The reaction of 2-fluoropurine or 6-fluoropurine nucleosides with amines has been used to synthesize N-substituted dG or dA derivatives [19–21, 23, 24]. We have previously used the coupling reaction between a 2-fluoropurine derivative and aminomitosenes to synthesize mitosene-deoxyguanosine adducts (MC-dG and DMC-dG adducts 1a and 2b, Fig. 2) [19, 20]. Our approach is analogous to the method developed by Harris and Rizzo to generate adducts of exocyclic amines of nucleosides [25]. In this work, a similar strategy was employed for the synthesis of MC and DMC deoxyadenosine (dA) adducts 4a, 4b, 5a and 5b. The synthesis commenced with the preparation of the isomeric protected triamino mitosenes 6a (1,2 trans) and 6b (1,2 cis) (Scheme 1) which can be obtained from mitomycin C according to a route that has been developed in our laboratory [19, 20].

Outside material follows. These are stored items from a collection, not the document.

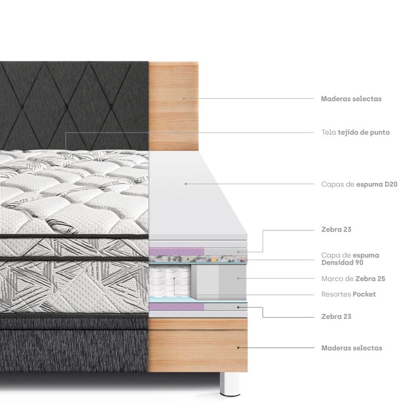 Buscas el descanso soñado y renovar tu habitación con Dormitorio Boxet Pocket Advance Queen Charcoal Adquiérelo solo en realplaza.com ¡Ingresa aquí!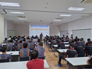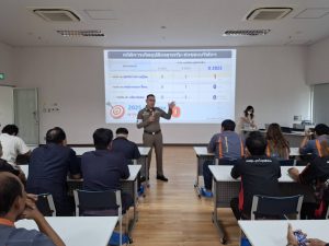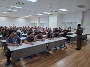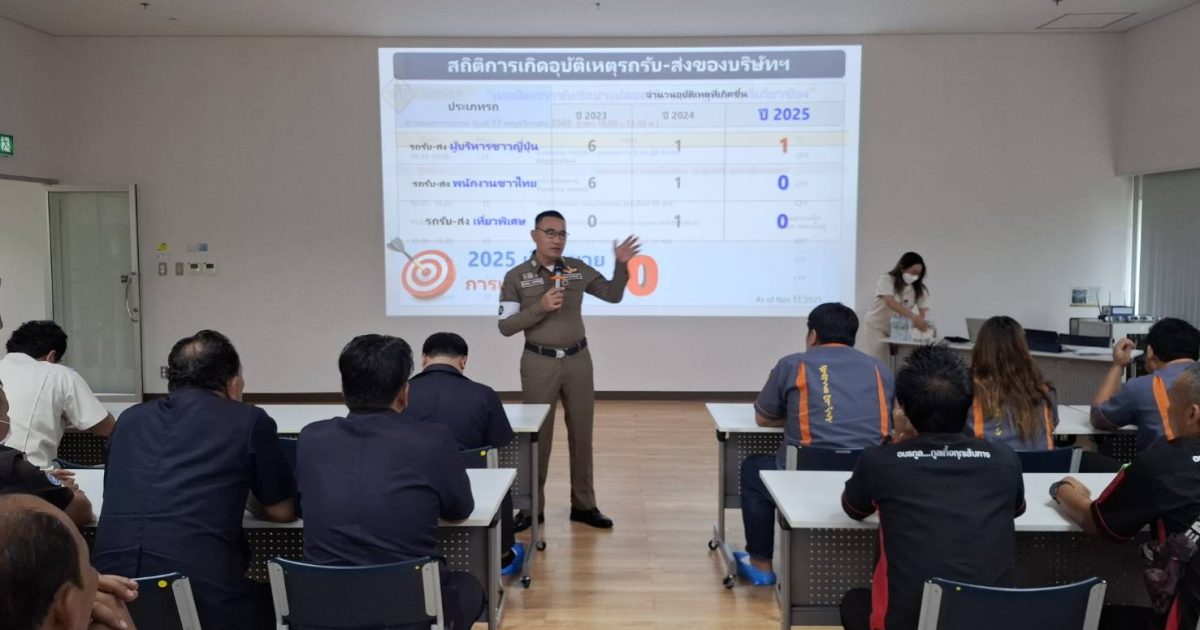 วิทยากรให้ความรู้ ขับขี่ปลอดภัย ใส่ใจกฎจราจรและการขับขี่อย่างถูกต้องตามกฎหมาย เพื่อปลูกฝังจิตสำนึก ด้านความปลอดภัย กับพนักงานขับรถรับ-ส่งของบริษัทแคนนอน ปราจีนบุรี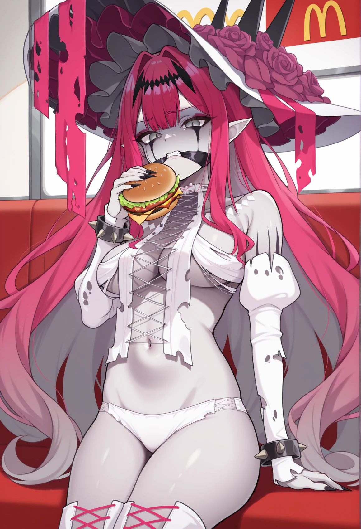 Vanilla3: pointy ears, pink hair, very long hair, grey eyes, hair ornament, hat, hair flower, Cross-Laced Clothes, Cross-Laced footwear, torn clothes, long sleeves, detached sleeves, panties, sharp fingernails, spiked bracelet, facial mark, gag,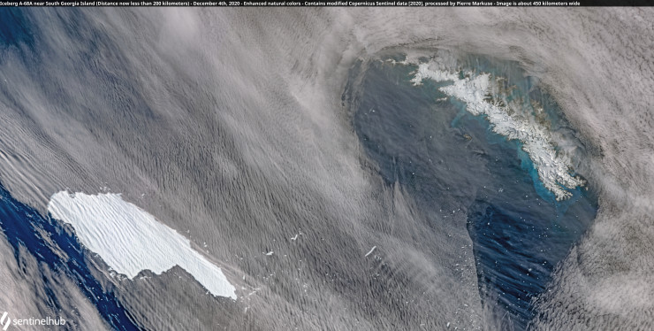 Исследователи давно наблюдают за развитием этого события, поскольку айсберг, известный под названием А68а, размером примерно с сам остров. Он продвигается вперед более трех лет с момента отделения от ледникового поля Антарктического полуострова в июле 2017 года, площадь его составляла почти 6000 квадратных километров. С тех пор он постепенно теряет массу, так как от него откалываются новые куски.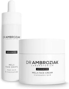 DrAmbroziak Mela Face Set – Zestaw na przebarwienia Specjalistyczny zestaw do codziennej pielęgnacji cery z przebarwieniami i niedoskonałościami z linii Advanced: Zestaw zawiera: DrAmbroziak Mela Face Drops Serum na przebarwienia 30ml Specjalistyczne serum z kwasem kojowym do codziennej pielęgnacji cery z przebarwieniami i niedoskonałościami z linii Advanced. Mela Face Drops skutecznie rozjaśnia przebarwienia różnego rodzaju, takie jak przebarwienia posłoneczne, plamy, piegi oraz blizny potrądzikowe oraz wyrównuje koloryt skóry. Kwas kojowy, roślinne ekstrakty oraz niacynamid efektywnie rozjaśniają skórę, niwelując problemy hiperpigmentacji oraz zaczerwienień. Dodatkowe przeciwbakteryjne właściwości serum wyciszają zmiany skórne oraz objawy trądziku. Pojeność 30ml DrAmbroziak Mela Face Cream Krem na przebarwienia 50ml Specjalistyczny krem do codziennej pielęgnacji cery skłonnej do nadmiernej pigmentacji, wywołanej nadmierną ekspozycją na promienie UV, procesem starzenia, stresem, zanieczyszczeniem środowiska, a także redukcji istniejących już przebarwień i niedoskonałości skóry. Mela Face Cream tranexamic acid widocznie rozjaśnia przebarwienia oraz zapobiega powstawaniu nowych plam pigmentacyjnych. Formuła kremu na bazie kompleksu kwasów, roślinnych ekstraktów oraz składników odżywczych i łagodzących skutecznie pielęgnuje skórę skłonną do przebarwień. Sprawia, że cera nabiera ujednoliconego kolorytu, odzyskuje utracony blask, wygląda świeżo i promiennie. Pojemność: 50ml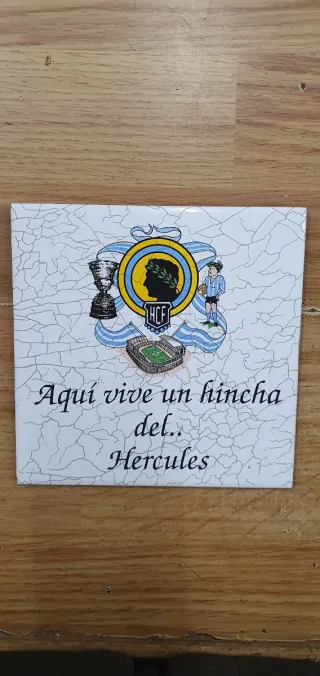 Azulejo decorativo con el escudo del Hércules y una frase. - Diseño con escudo del Hércules. - Texto: Aquí vive un hincha del... Hércules. - Motivos de fútbol y trofeo.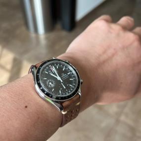 Cela faisait un moment que j'avais envie de faire mon premier "craquage" horloger. Je n'avais jamais dépensé plus de 700€ pour une montre, mais je sentais que le moment était venu de franchir le cap. En tant qu'amateur de chronographes, le choix évident était la Speedmaster d'Omega. Cependant, mon budget ne me permettait pas de m'offrir la célèbre MoonWatch, et je ne voulais pas me contenter de la petite soeur avec des couleurs traditionnelles. Je cherchais quelque chose de spécial, mais je ne trouvais rien qui me séduisait... jusqu'au jour où je suis tombé sur cette montre. Une Speedmaster Reduced avec un cadran en nacre! J'ai été immédiatement séduit par son élégance unique, et après une (très) courte réflexion, j'ai cédé. Je n'ai aucun regret. Le cadran change d'apparence selon la lumière qui frappe le verre hesalite, offrant une variété de nuances qui rend chaque regard vers mon poignet particulier. La précision de la montre est excellente, et malgré le cadran en nacre, elle reste étonnamment polyvalente. Les chiffres romains légèrement teintés de bleu ajoutent une touche d'excentricité, donnant davantage de vie à ce cadran. Le boîtier asymétrique de la Speedmaster reduced reste fidèle à son design emblématique, toujours aussi élégant et pertinent. Bref, je suis vraiment satisfait de cette montre, d'autant plus qu'elle date de l'année de ma naissance! Ma seule déception est de ne pas avoir trouvé un modèle avec un bracelet en acier d'origine (cette référence étant montée sur un bracelet cuir d'origine), mais ce petit détail n'a pas gâché mon plaisir.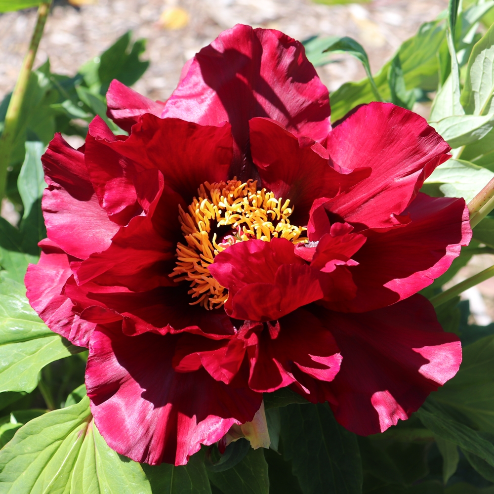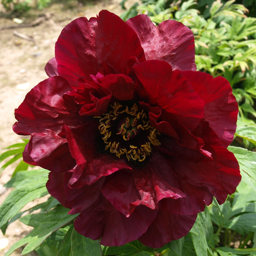 Black Pirate. Saunders. 1935. F1 generation lutea hybrid. 3-4 rows of huge dark red satiny petals. Flares are “black” and wide. Filaments are very dark. Stigmas bright pink; sheath lilac. Only rare side-buds. Flowers are very dark and have a shiny sheen to them. Wide, deep green foliage. Excellent. Not a vigorous plant for us, but worth growing for its stunning flowers. Stems lack winter hardiness, but produce basal shoots that bloom reliably. No fertility. Rarely available. Black Pirate is quite rare in commerce and is highly sought after by collectors or someone who wants something different in their garden. Ships in late September to mid-October. AGE: Field-grown, 3+ year old graft or division from larger plants – our choice of available plant material upon harvest.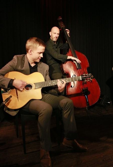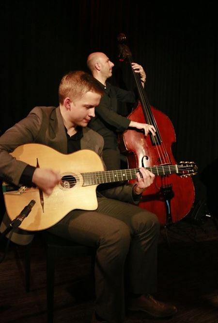 Zondagavond stond Hot Club d'Europe op het kleine podium van het Muzecafé en volgens toehoorders zijn daar nooit eerder 2 sologitaristen op zo'n unieke manier samen bezig geweest. Het was telkens zoeken wie het ritme en wie de solo aan het spelen was. De Finse Olli helemaal in samenspel met Paulus en Arnoud , de bassist die het cement vormde tussen deze 2 Djangofolies-gitaristen. Samen zorgden ze voor een unieke belevenis. (foto's Ria De Clerck)18372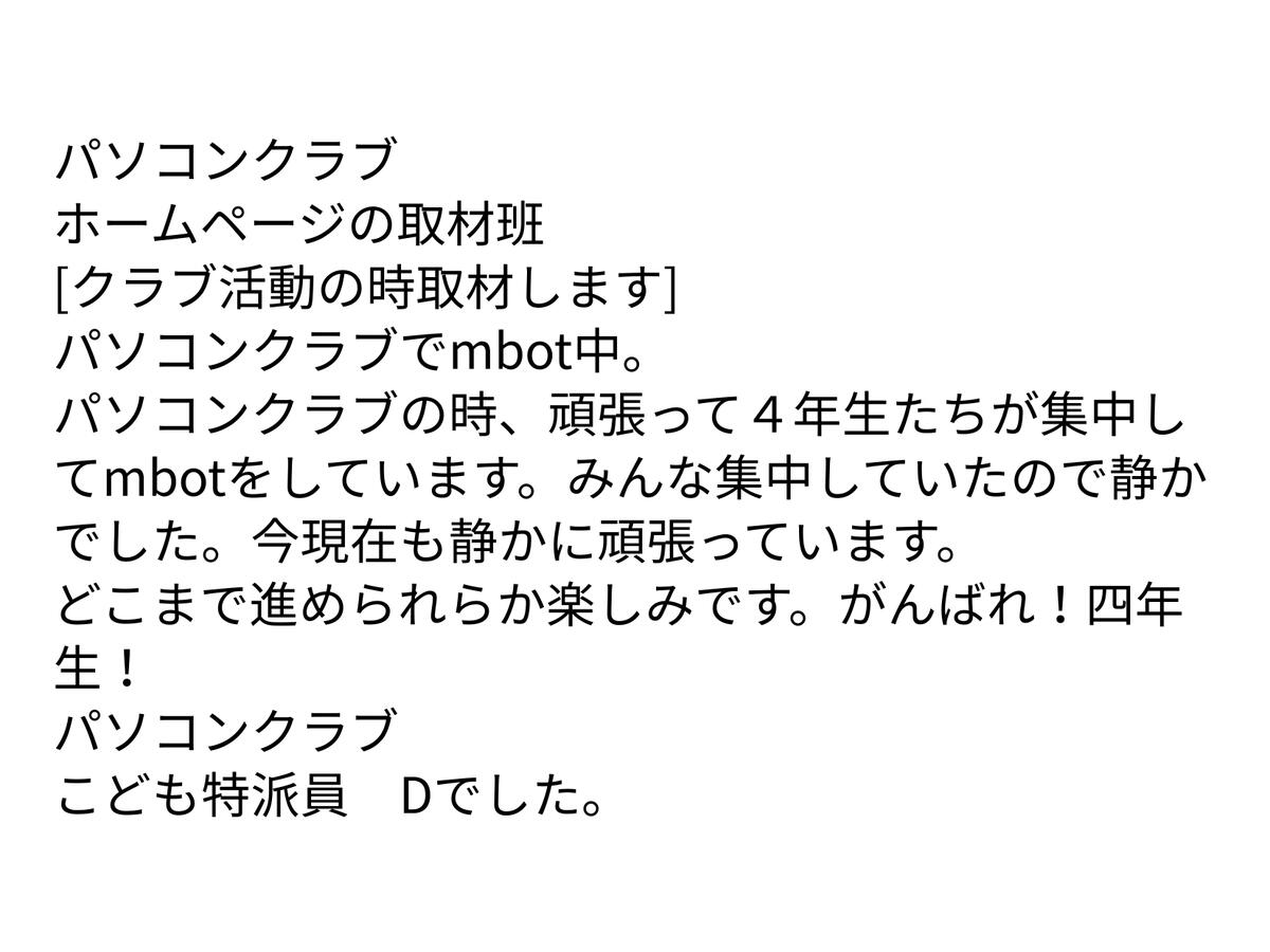 パソコンクラブは,mbot 班,ホームページ取材班,その他に分かれて活動中です。

These precursors 6a and 6b (Scheme 1) were then coupled to a 6-fluoropurine deoxyribonucleoside (Scheme 2, left column) to yield 7a and 7b. The coupling reaction showed diastereomer-dependent reactivity. The fluoride displacement reaction by the 1-R triaminomitosene 6a (trans isomer) to produce 7a was faster and higher yielding than in the case of the 1-S triaminomitosene 6b (cis isomer) to give 7b (Table 1). The same diastereomer-dependent reactivity was also observed in our previous work leading to dG adducts 9a and 9b (Scheme 2, right column, and Table 1) [19, 20]. This effect is probably the result of the differences in steric hindrance caused by the protected 1-amino group of 6a and 6b in the coupling reaction: For the 1-S triaminomitosene (cis isomer) the electrophile must approach from the same side of the bulky substituent at C2, making the reaction slower than in the case of the 1-R triaminomitosene (trans isomer), where the electrophile reacts from the less hindered opposite side.

Scheme 2.

(2-column fitting image, color should be used): Synthesis of 7a, 7b, 9a, 9b via nucleophilic aromatic substitution. R = deoxyribose, R’ = 2-(trimethylsilyl)ethoxycarbonyl (teoc), R” = 2-p-nitrophenylethyl.

Table 1:

Comparison between nucleophilic aromatic substitutions using 6-fluoro-9-(2-Deoxy-β-D-erythro-pentofuranosyl)purine (for the synthesis of dA adducts 7a and 7b) or 2-fluoro-O⁶-(2-p-nitrophenylethyl)-2’-deoxyinosine (for the synthesis of dG adducts 9a [20] and 9b [19])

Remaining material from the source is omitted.